A faithful copy of every entry is the goal; keep the images out of it.

Segment Start: THE DATA

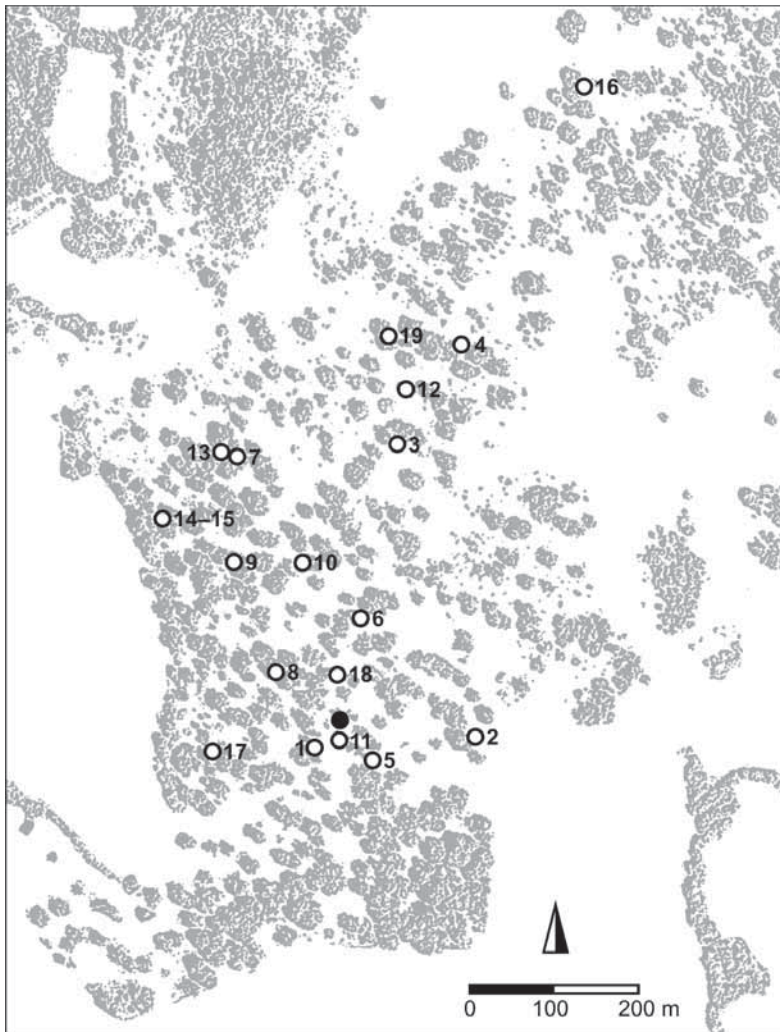
Fig. 2. Study area of pastured oak woodland in the Gavurky Protected Area (grey – trees canopy, circles – tree-hollows of bats, black dot – mist-netting water pit).

(Fig. 2). The bats were usually mist-netted (nets 7–14 m in length) up to midnight. Altogether 61 day visits (including 28 mist-netting sessions) were conducted in the area. Since 2003 all caught individuals (with some exceptions) were banded using incoloy chiropterological rings. Most occupied tree roosts were found before sunrise, as bats swarmed round the tree before they entered the hollows or during the day by listening to vocal calls that roosting bats made (for details of methods see Kaňuch 2005, 2007). The location of roosts of Myotis bechsteini (in 2007) was done using radio-telemetry equipment (Kaňuch et al. in prep.). During the survey we also sporadically used ultrasound bat-detectors (Pettersson D200, D240x). Frequency of occurrence (F) and species dominance (d) were used for analysis of the assemblage structure.
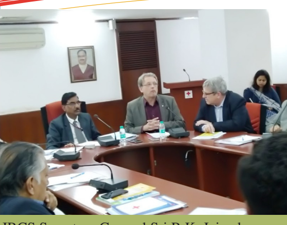
with ICRC and IFRC heads at State/UT Branches' Leadership meeting in March.

In March World Water Day was also observed and it was heartening to see some branches undertaking awareness activities on water conservation & safe water.
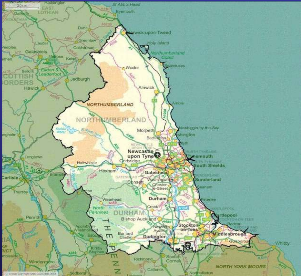
Durham, Northumbria and Teesside Universities, OECD/IMHE Conference, Copenhagen, 16 October 2006
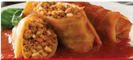
Stuffed Cabbage Rolls with Beef & Sauce

4 x 2.72 kg (6 lb) 48 servings (12 slices per pan)
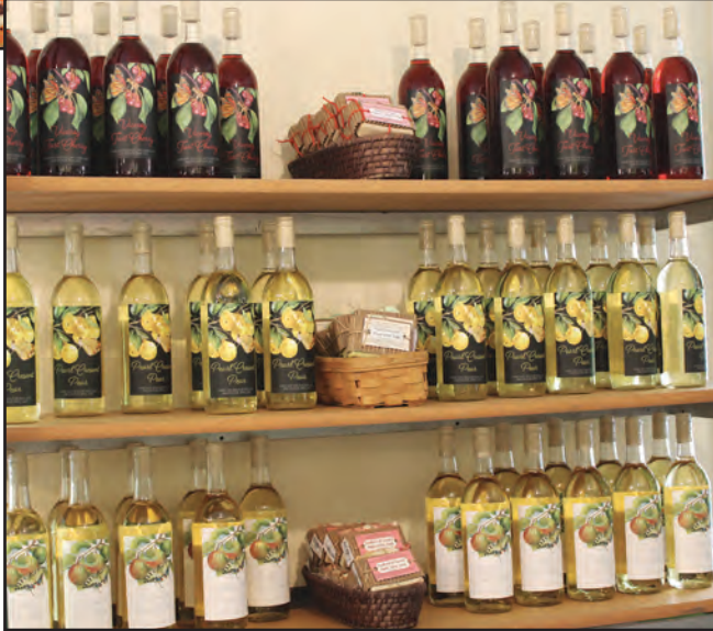
Right: Monarch Winery Wine Selections
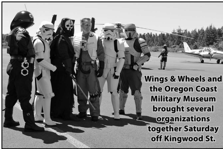
Wings & Wheels and the Oregon Coast Military Museum brought several organizations together Saturday off Kingwood St.

Wings and Wheels were the 110 classic automobiles that entered the car show portion of the event, which was coordinated by the Oregon Coast Hot Rod Club. Central Oregon Coast British Car Club also showcased vehicles.
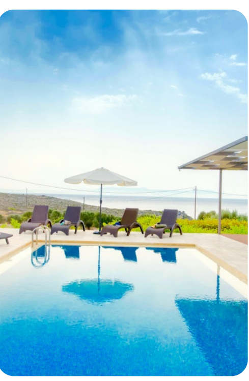
Villa Stella | Page 6 of 8
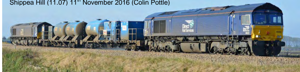
66422 t&t 66433 3S01 Stowmarket - Cromer RHTT approaches Shippea Hill (11.07) 11 th November 2016

Segment End: THE DATA

TASK RESPONSE ::
Fig. 2. Study area of pastured oak woodland in the Gavurky Protected Area (grey – trees canopy, circles – tree-hollows of bats, black dot – mist-netting water pit).

(Fig. 2). The bats were usually mist-netted (nets 7–14 m in length) up to midnight. Altogether 61 day visits (including 28 mist-netting sessions) were conducted in the area. Since 2003 all caught individuals (with some exceptions) were banded using incoloy chiropterological rings. Most occupied tree roosts were found before sunrise, as bats swarmed round the tree before they entered the hollows or during the day by listening to vocal calls that roosting bats made (for details of methods see Kaňuch 2005, 2007). The location of roosts of Myotis bechsteini (in 2007) was done using radio-telemetry equipment (Kaňuch et al. in prep.). During the survey we also sporadically used ultrasound bat-detectors (Pettersson D200, D240x). Frequency of occurrence (F) and species dominance (d) were used for analysis of the assemblage structure.
with ICRC and IFRC heads at State/UT Branches' Leadership meeting in March.

In March World Water Day was also observed and it was heartening to see some branches undertaking awareness activities on water conservation & safe water.
Durham, Northumbria and Teesside Universities, OECD/IMHE Conference, Copenhagen, 16 October 2006
Stuffed Cabbage Rolls with Beef & Sauce

4 x 2.72 kg (6 lb) 48 servings (12 slices per pan)
Right: Monarch Winery Wine Selections
Wings & Wheels and the Oregon Coast Military Museum brought several organizations together Saturday off Kingwood St.

Wings and Wheels were the 110 classic automobiles that entered the car show portion of the event, which was coordinated by the Oregon Coast Hot Rod Club. Central Oregon Coast British Car Club also showcased vehicles.
Villa Stella | Page 6 of 8
66422 t&t 66433 3S01 Stowmarket - Cromer RHTT approaches Shippea Hill (11.07) 11 th November 2016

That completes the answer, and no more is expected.